** What is required **
A full, exact copy of the listing is needed, with images omitted.

** Provided material **
================

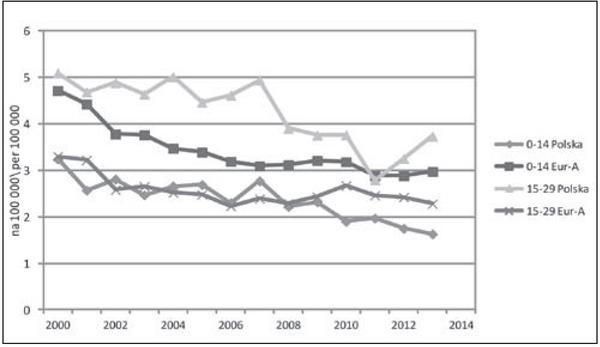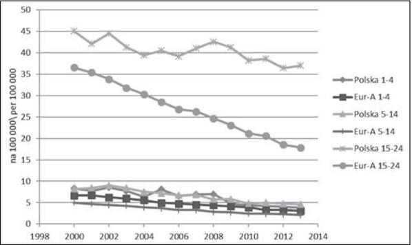 Trendy umieralności dzieci i młodzieży w wieku 1-19 lat na 100 000 osób, według dwóch głównych kategorii przyczyn_ Table III_ Trends in mortality of children and adolescents aged 1-19 per 100 000 persons by main two categories of causes_
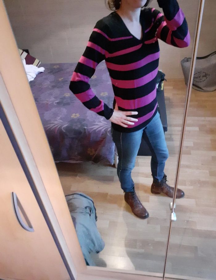 Pull noir et rose rayé Col V Taille S Marque Kiabi (Plus d'étiquette de compo) État neuf #montrentesixfemme Les remises sont activées si plusieurs achats sont faits La liste des filtres # est sur mon profil
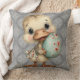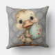 Easter Duckling Gray Damask Pattern Throw Pillow Kissen

================

** Output of the task **
 Trendy umieralności dzieci i młodzieży w wieku 1-19 lat na 100 000 osób, według dwóch głównych kategorii przyczyn_ Table III_ Trends in mortality of children and adolescents aged 1-19 per 100 000 persons by main two categories of causes_
 Pull noir et rose rayé Col V Taille S Marque Kiabi (Plus d'étiquette de compo) État neuf #montrentesixfemme Les remises sont activées si plusieurs achats sont faits La liste des filtres # est sur mon profil
 Easter Duckling Gray Damask Pattern Throw Pillow Kissen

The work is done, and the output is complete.